Senegal aspires to be a middle-income country and eventually an economic African tiger.

At every turn, the people of Senegal had a response to their big man’s power grab. When Wade first announced he would seek a third term, in defiance of the two-term limit, he was mocked openly in the media. One political cartoon showed him at a cafe, ordering a third cup of coffee while removing a sign reading: “Everyone just two cups.”

When Wade nevertheless persisted with seeking re-election — and attempted to change the constitution to make re-election easier, by lowering the required vote from 50 percent to 25 percent — protests flooded the country. Fueled by Senegal’s youth and deep musical culture (including hip-hop artist Akon), more than 200 organizations joined together in the streets as musician-activists composed rap songs to rally public opinion against Wade. 

When Wade prevailed in the first round of voting with 35 percent, the 12 other candidates rallied around the runner-up, a former geological engineer named Macky Sall.
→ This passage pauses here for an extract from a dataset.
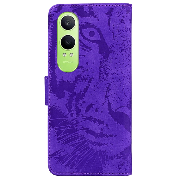 Funda de Cuero con Tapa y Estampado de Tigre para Oppo K12X (Morado)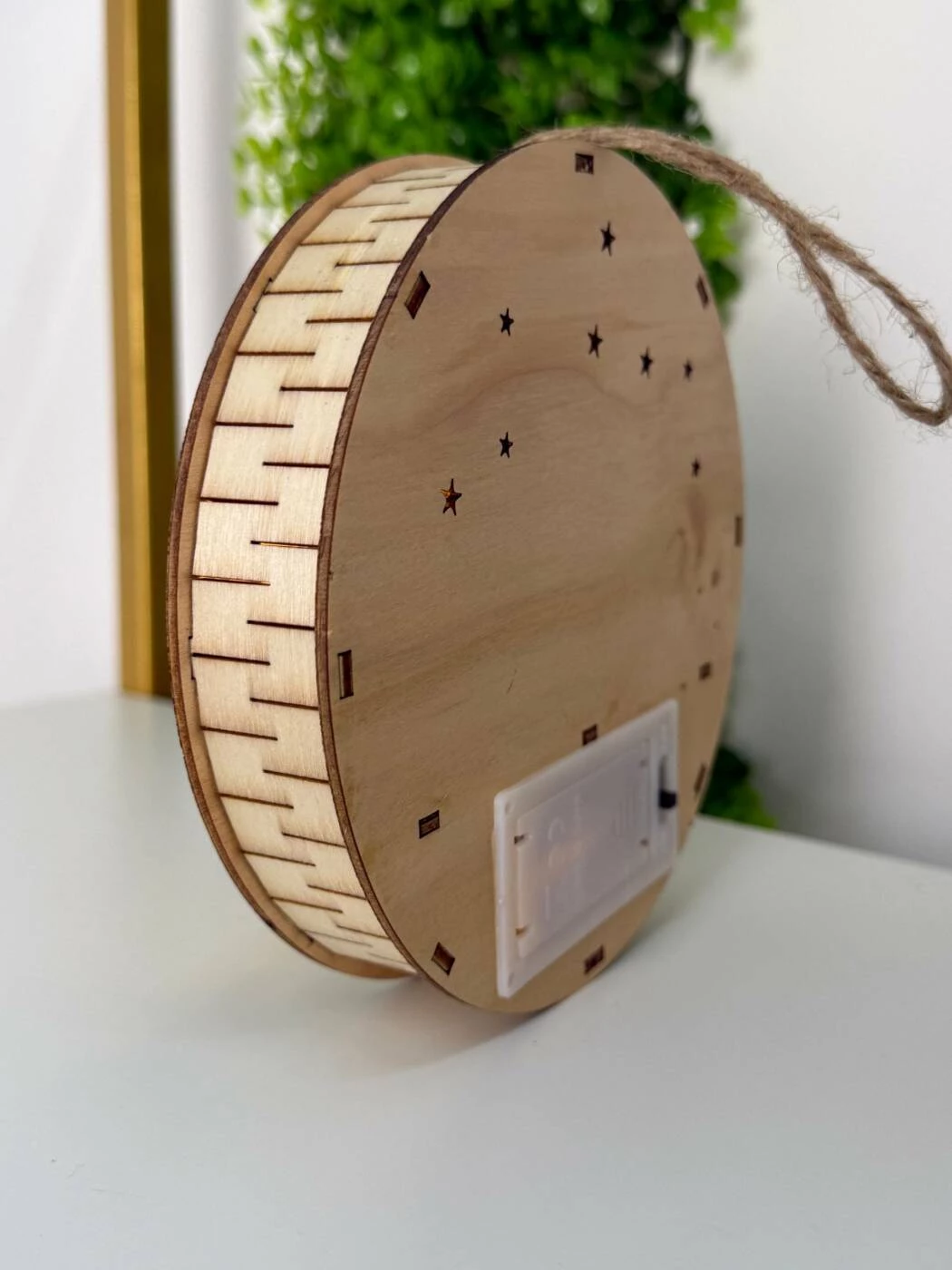Acest glob decorativ din lemn cu lumină LED aduce farmecul sărbătorilor în orice încăpere. Realizat din lemn și decorat cu un peisaj de iarnă– un pitic vesel, brăduți și reni – globul emană o lumină caldă și plăcută, perfectă pentru a crea o atmosferă de Crăciun liniștită și magică.

Then, on the day of the runoff, in the most comprehensive election monitoring ever conducted in Africa, observers dispersed to more than 11,000 polling stations across the country, where they text-messaged vote tallies to a secure server to protect against cheating. 


Senegalese President Macky Sall speaks during an interview at the presidential palace.

Source Joe Penney/Reuters

Now Senegal is attempting to build on that democratic momentum under its new leader. Step one: improved governance. Check. There is not only a recently established ministry for the promotion of good governance, but also a recently dissolved senate, which had been created under Wade and had come to more closely resemble a playpen for his cronies than a legislative instrument. The result: Sall handed Wade a 66 percent to 34 percent thumping, Wade conceded defeat, the Senegalese people celebrated in the streets that night, and then they returned to their normal lives the next day. No violence, no coups, no troops, no vote-rigging — but a major turning point for Senegal and for democracy in Africa. 

Step two involves what Senegal’s new president sees as a prerequisite to significant economic growth: social justice, including fair taxation, universal health coverage and poverty reduction. Macky Sall has proposed no less than “a Senegalese New Deal ,” starting with a cash-transfer program designed to aid the poorest citizens in a country where per capita income is still $2,000 a year and adult literacy hovers around 40 percent.

Building on the foundation of peace and stability provided by better governance and a more equal society, step three is to grow the Senegalese economy. Slaves, gold and ivory were once the main exports from Senegal’s ports, but today the economy centers on fishing and agriculture.

Having entered iron, gold and zircon mining contracts with foreign companies, Senegal hopes to expand and diversify its economy and create an environment that is more attractive to foreign investors. According to President Sall, “Senegal aspires to be a middle-income country” and eventually an economic “African tiger.” 

That’s ambitious, to be sure, but Senegal has the process and institutions in place to make big dreams possible. A Senegalese proverb says, “It is better to walk fast than to grow angry at the forest.” If Senegal can keep its stride, it could be the pacesetter that transforms the entire continent into an African tiger.

* The original version of this story incorrectly cited 2010 population figures for Senegal. The population of the country as of 2012 stands at 13.73 million. – Ed.